*WHAT IS BEING ASKED:* Reproduce the lines below exactly, from the one containing "Solid wood tobacco" through the one containing "刚刚谷歌发布了一个很有意思的新产品 Gemini CLI,直接把 AI 塞进了终端里。", both included. Leave out any pictures.

*RECORDS FOR THIS TASK:*
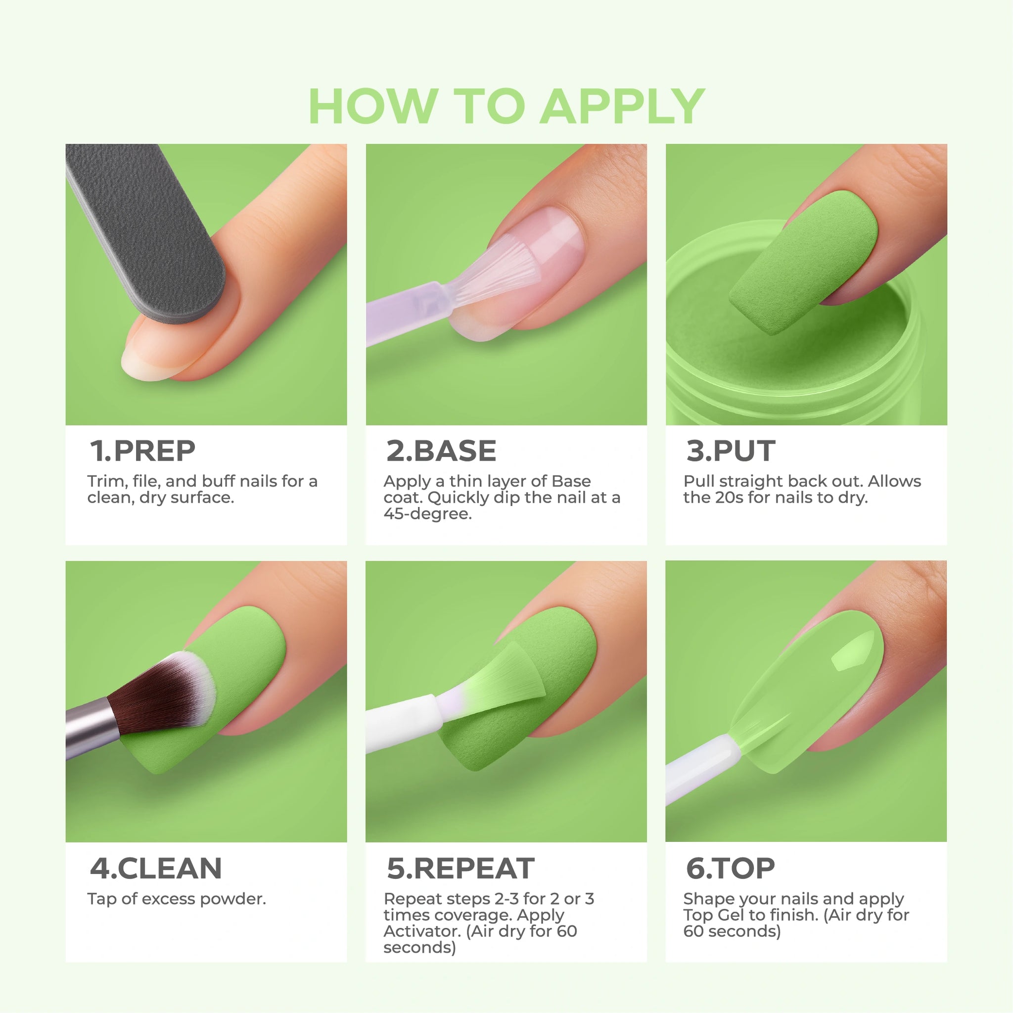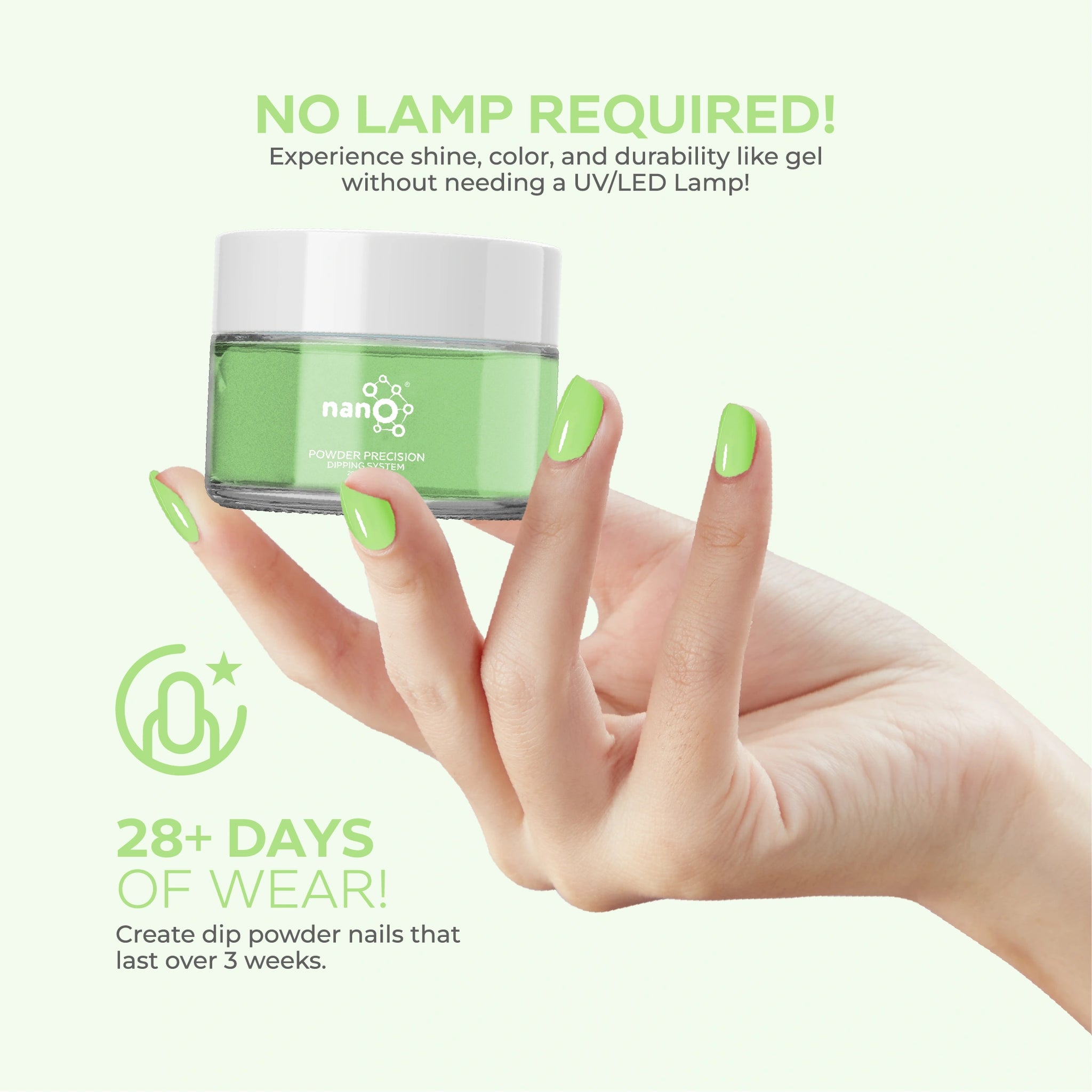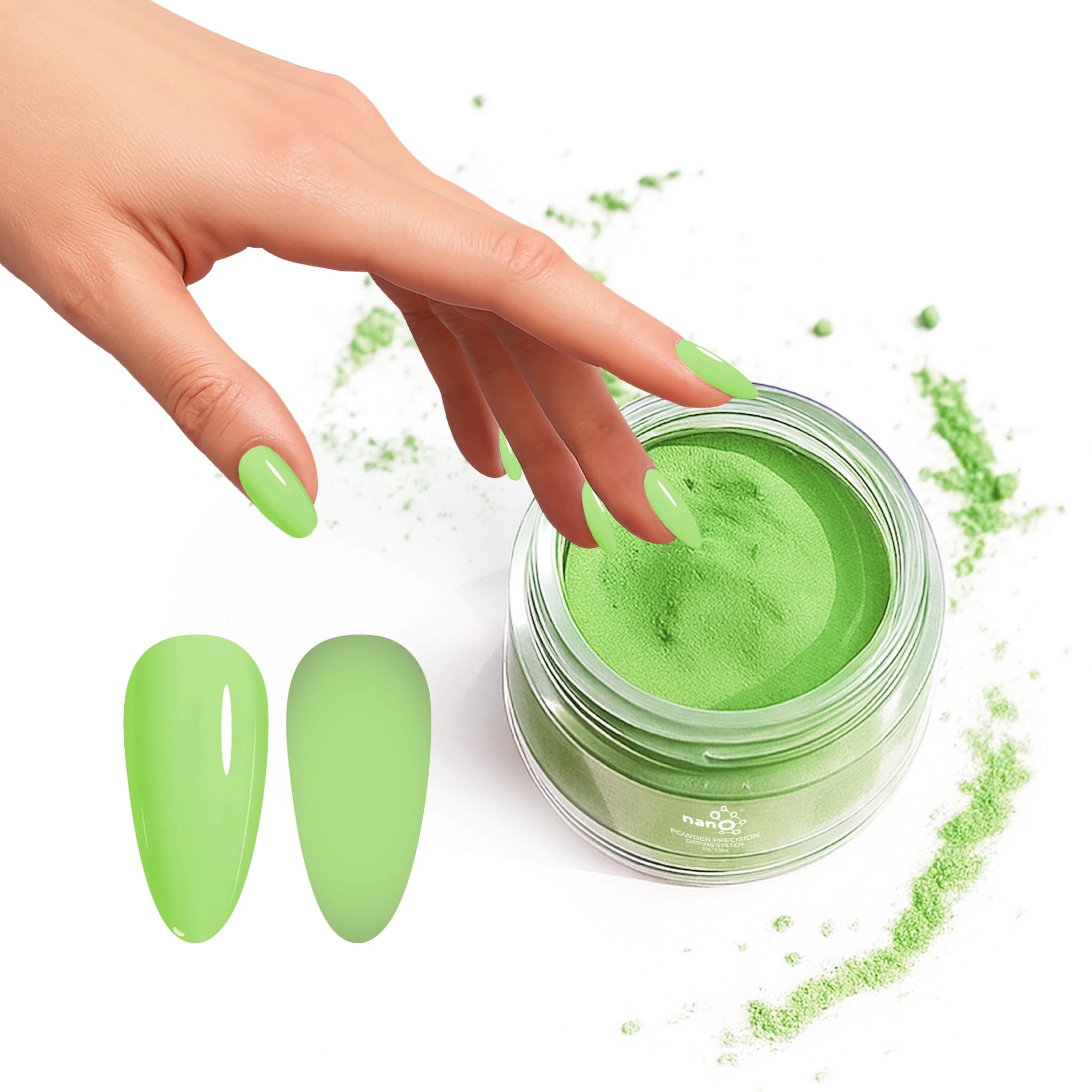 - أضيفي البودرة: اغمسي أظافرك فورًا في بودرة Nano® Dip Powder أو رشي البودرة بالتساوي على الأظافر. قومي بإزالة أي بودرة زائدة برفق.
---
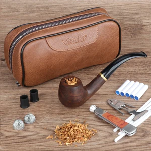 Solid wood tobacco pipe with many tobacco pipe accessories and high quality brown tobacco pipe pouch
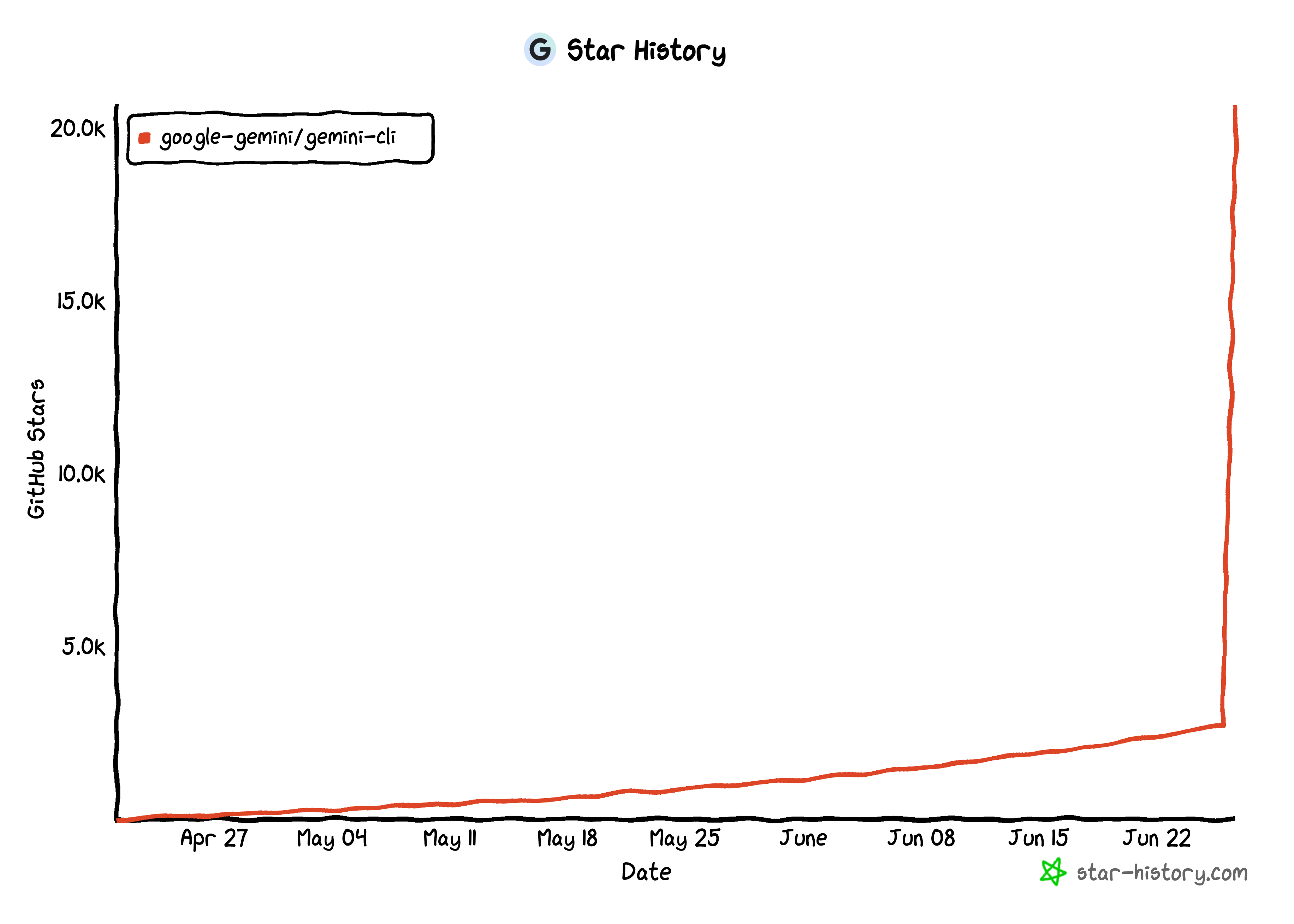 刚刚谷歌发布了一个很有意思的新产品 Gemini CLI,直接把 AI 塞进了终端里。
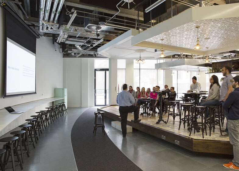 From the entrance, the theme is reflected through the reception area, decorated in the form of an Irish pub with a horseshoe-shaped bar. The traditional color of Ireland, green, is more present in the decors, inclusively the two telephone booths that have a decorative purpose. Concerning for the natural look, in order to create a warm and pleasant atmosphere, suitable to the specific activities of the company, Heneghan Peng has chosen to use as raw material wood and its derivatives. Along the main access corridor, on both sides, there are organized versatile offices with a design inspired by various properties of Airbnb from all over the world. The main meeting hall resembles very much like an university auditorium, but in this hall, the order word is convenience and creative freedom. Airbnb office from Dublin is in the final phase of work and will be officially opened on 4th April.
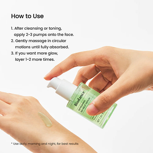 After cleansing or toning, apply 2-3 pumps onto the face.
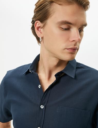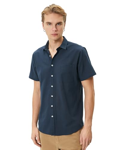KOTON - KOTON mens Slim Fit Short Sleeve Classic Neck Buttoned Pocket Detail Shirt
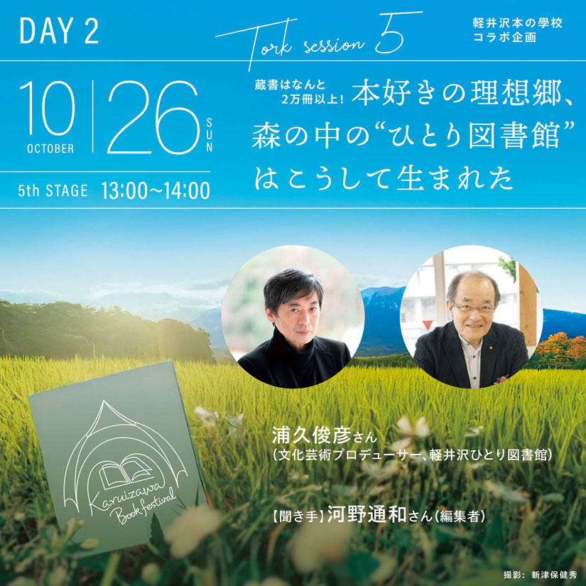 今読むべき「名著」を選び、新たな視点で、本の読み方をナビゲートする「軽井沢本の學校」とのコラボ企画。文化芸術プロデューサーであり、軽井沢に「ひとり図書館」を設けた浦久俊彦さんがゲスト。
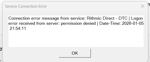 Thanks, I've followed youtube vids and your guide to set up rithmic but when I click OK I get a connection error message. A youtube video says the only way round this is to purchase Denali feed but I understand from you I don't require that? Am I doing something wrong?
--
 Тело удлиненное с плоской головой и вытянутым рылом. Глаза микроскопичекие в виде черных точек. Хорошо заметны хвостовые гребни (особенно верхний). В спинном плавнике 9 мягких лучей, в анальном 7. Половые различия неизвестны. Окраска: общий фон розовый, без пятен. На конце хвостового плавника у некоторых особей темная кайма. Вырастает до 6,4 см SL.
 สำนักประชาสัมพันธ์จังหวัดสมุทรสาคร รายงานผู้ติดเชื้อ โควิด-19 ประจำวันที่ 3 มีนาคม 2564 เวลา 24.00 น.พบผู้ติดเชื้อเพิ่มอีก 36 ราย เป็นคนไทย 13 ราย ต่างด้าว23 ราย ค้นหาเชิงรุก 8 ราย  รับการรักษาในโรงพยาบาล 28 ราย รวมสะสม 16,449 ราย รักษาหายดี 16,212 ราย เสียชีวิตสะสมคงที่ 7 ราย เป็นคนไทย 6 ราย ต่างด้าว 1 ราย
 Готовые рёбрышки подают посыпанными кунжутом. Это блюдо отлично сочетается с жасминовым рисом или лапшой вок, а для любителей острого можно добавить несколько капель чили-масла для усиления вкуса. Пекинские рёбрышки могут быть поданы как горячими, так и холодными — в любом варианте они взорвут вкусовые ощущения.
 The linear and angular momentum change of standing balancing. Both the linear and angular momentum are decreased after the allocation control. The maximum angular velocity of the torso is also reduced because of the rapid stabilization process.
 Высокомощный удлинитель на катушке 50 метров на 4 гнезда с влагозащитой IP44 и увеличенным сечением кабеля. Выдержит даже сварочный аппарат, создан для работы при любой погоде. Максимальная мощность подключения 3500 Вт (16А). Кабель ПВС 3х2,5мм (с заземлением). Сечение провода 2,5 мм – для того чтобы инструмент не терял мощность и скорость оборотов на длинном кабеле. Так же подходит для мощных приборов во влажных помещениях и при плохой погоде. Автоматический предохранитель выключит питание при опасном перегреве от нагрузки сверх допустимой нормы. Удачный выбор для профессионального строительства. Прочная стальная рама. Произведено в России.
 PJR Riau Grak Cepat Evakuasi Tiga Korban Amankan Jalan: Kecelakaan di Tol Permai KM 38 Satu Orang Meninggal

*WRITTEN REPLY:*
 Solid wood tobacco pipe with many tobacco pipe accessories and high quality brown tobacco pipe pouch
 刚刚谷歌发布了一个很有意思的新产品 Gemini CLI,直接把 AI 塞进了终端里。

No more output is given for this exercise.